I disagree Mal. Travller is the ruleset not the setting. IIRC there are seven licensed rulesets to choose from, CT, MT, TNE, T4, GT, T20, and HeroTraveller(?). If you buy and use any of these rulesets to generate a setting and characters one can claim to be playing Traveller. If that setting introduces different interstellar travel tech than is found within one of those rulesets, for instance warp drive or stargates then you lose the primary assumption within the game and really can't expect players to believe your playing Traveller. To the players you would be playing Stargate SG-1 or StarTrek using the Traveller rules. By the same token you can't use the WW rules system, re-create the OTU setting within that ruleset, and then call it "Traveller". You could say it was a "Travelleresque" setting but IMO you couldn't promote it as "Traveller" at a con or FLGS and expect players readily accept it as "Traveller".
IMO
 
I really can't see how Traveller could be possibly be "system" given that there's so many varieties of it (and that they're so different - at one end we have an entirely random chargen in CT, and at the other we have point-buy with GURPS Traveller).

I also see no problem with using other rulesets to recreate the OTU - there's a gaping hole in your logic in that this is exactly what GT (GURPS), T20 (d20), HeroTrav (HERO) and TNE (GDW T2K) did.

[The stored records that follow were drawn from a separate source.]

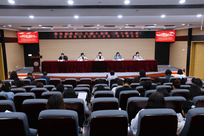 5月13日下午,学校第四届教职工代表大会第二次全体会议、工会第四届会员代表大会第二次全体会议在教图楼一层报告厅召开。党委书记刘亚玫传达学习习近平总书记在庆祝中华全国总工会成立100周年暨全国劳动模范和先进工作者表彰大会上的重要讲话精神,传达全国妇联党组工作部署,并作讲话,院长刘利群作学校工作报告。副院长薛小丽、周应江出席会议。71名教代会代表和48名工代会代表参加会议。大会由党委副书记、教代会执委会主任、工会主席赵浩主持。
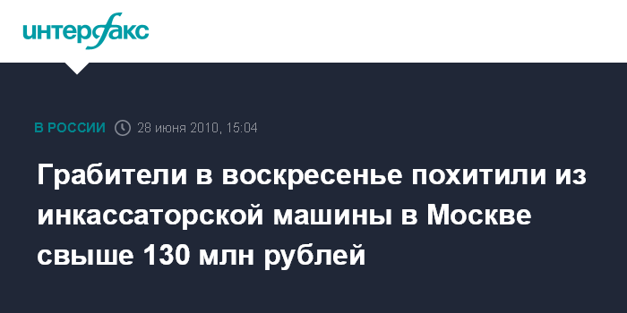 Грабители в воскресенье похитили из инкассаторской машины в Москве свыше 130 млн рублей
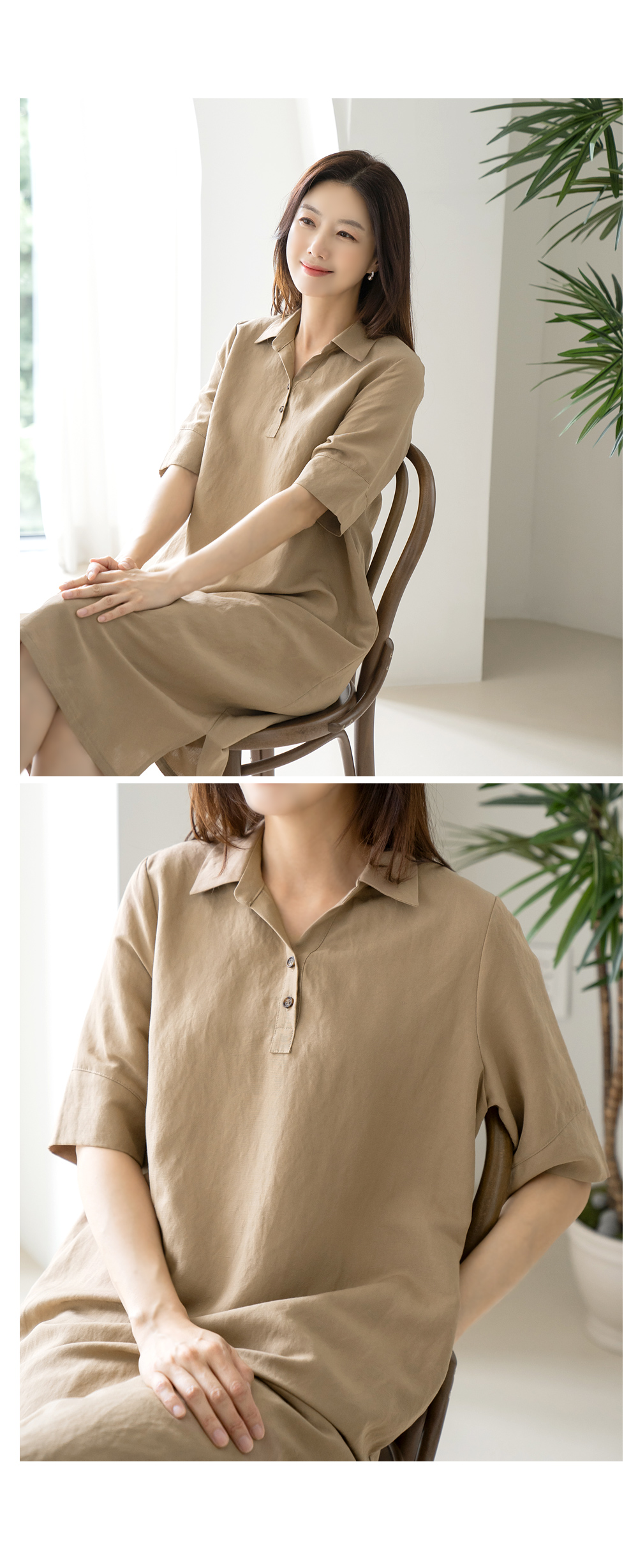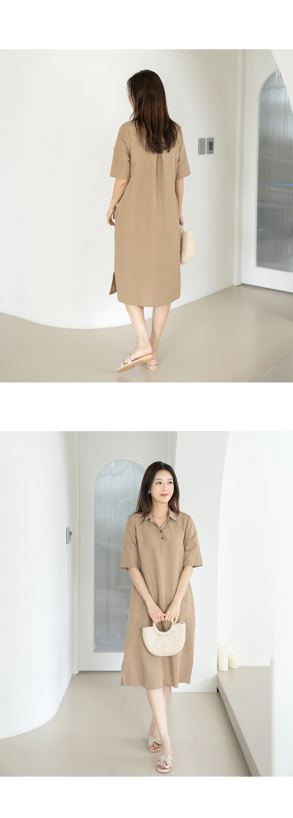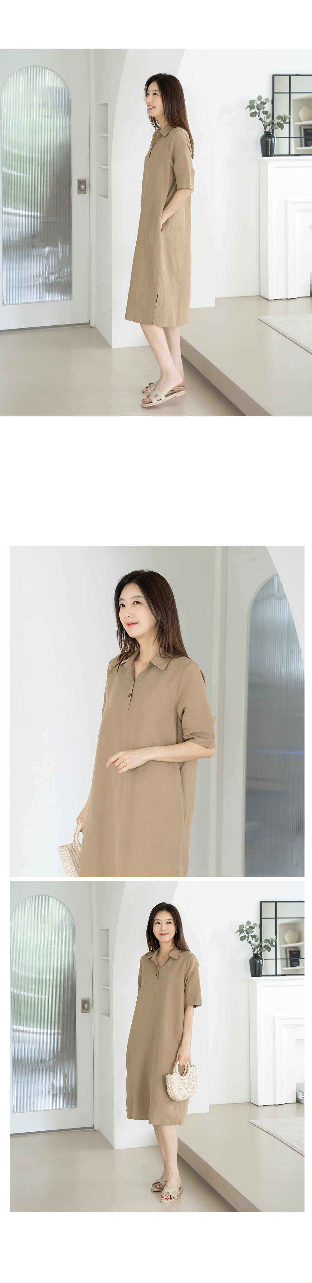 • Linen collar dress-OP2406032-
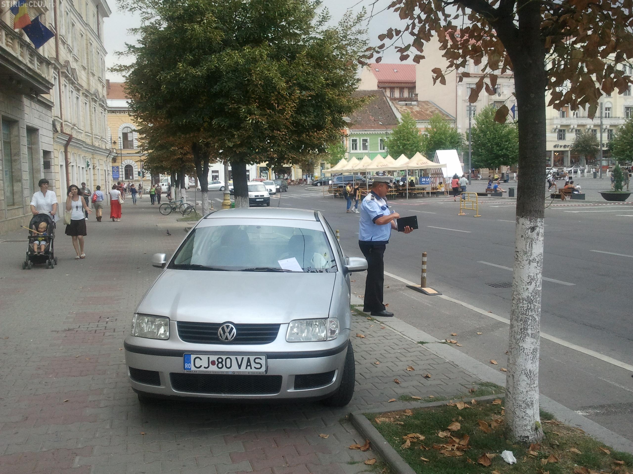 Razie la parcări în centrul Clujului! Vezi ce a pățit un șofer care a exagerat - FOTO
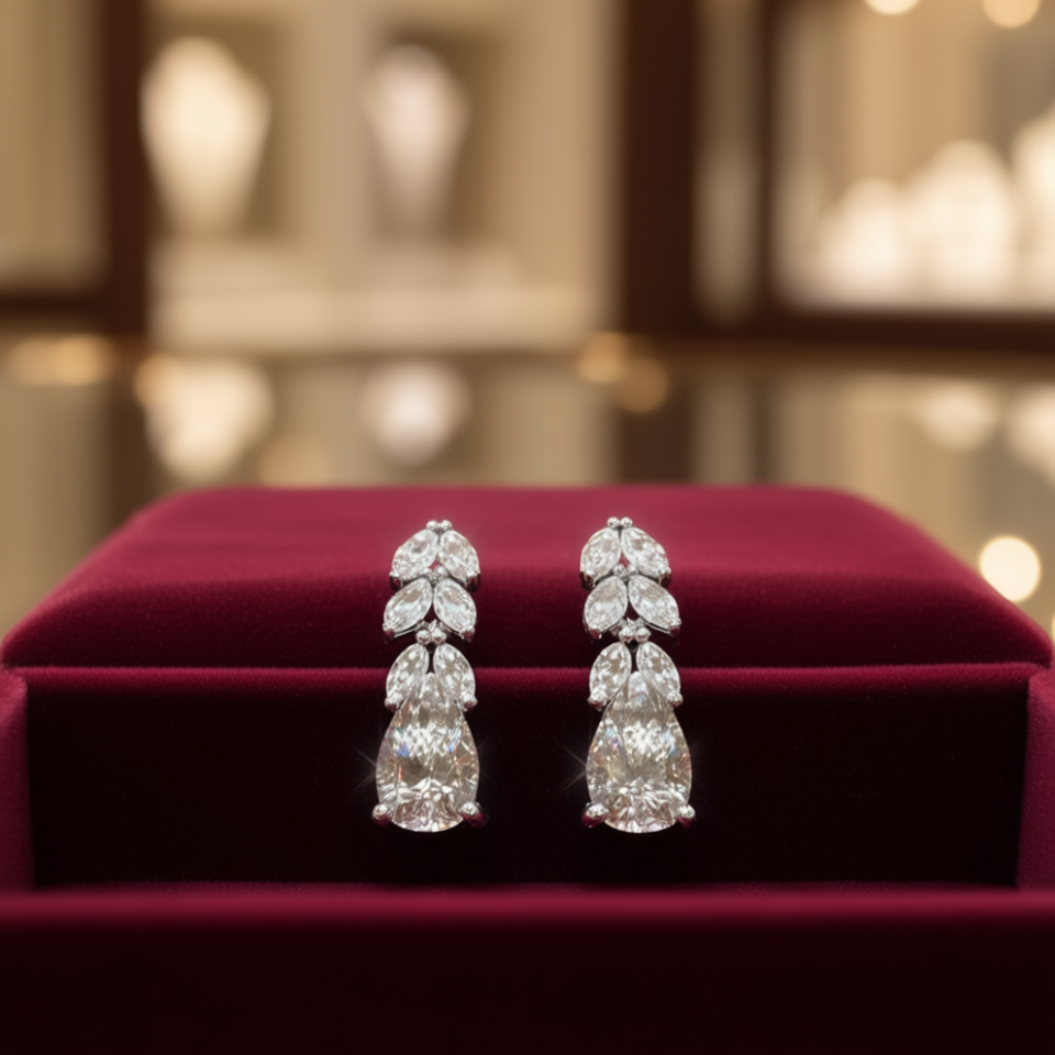White Gold E424 Diamond Earrings Pear Cut D Color Natural Women's Wedding Classic Style Jewelry

That being the case, why shouldn't you be able to do the same thing with Silhouette or Storyteller?

And why should a setting that I use (any of) the Traveller rules to run be called Traveller if it has nothing in common with it? I've built my own setting from scratch using the alternate technologies in FF&S, the aliens are totally different and the history is totally different too. Admittedly I ended up using GURPS Space for the system, but had I used the CT rules instead then where's the justfiication in calling that "Traveller"?
 
Major Traveller rules that have deep setting implications--

1. Deadly environment: A Gauss rifle will kill you dead. No mooks, no Star Wars. Crash landings, punctured vacc suits... so many ways to interact with tech, so many ways to die pathetically.

2. Random chargen: you're assigned your lot in life--namely, an average to slightly superior PC in a dangerous environment (see above). Now go forth, using only your wits (and a Gauss rifle, if you can get hold of one), and shine, or die trying.

Yes, point-buy *can* emulate this, provided there are no (super-)heroic point levels. Those would de-Travellerize the game. So would Ads/Disads. Extensive minmaxing rules = not Traveller.

3. 1-week Jump: shapes the politics and the economics of the world like nothing else does (duh).

4. Vastly different TLs: there's probably no good real-world justification for these, but they make the game a lot of fun indeed.

Everything else (most aliens, the anachronistic form of government that is the Imperium and its nobility) is ditchable. Make the Imperium some kind of federation, and all you'll lose is the silly uniforms.
 
This is a swiftly moving topic to be sure!

The only "problem' I have with the aliens is the numerical probability of so many starfaring space societies essentially right next to each other, at the same essential level of development. I know, I know. "ancients". But something about it seems a little peculiar at times, aside from the fact of my never meeting an alien to compare them by.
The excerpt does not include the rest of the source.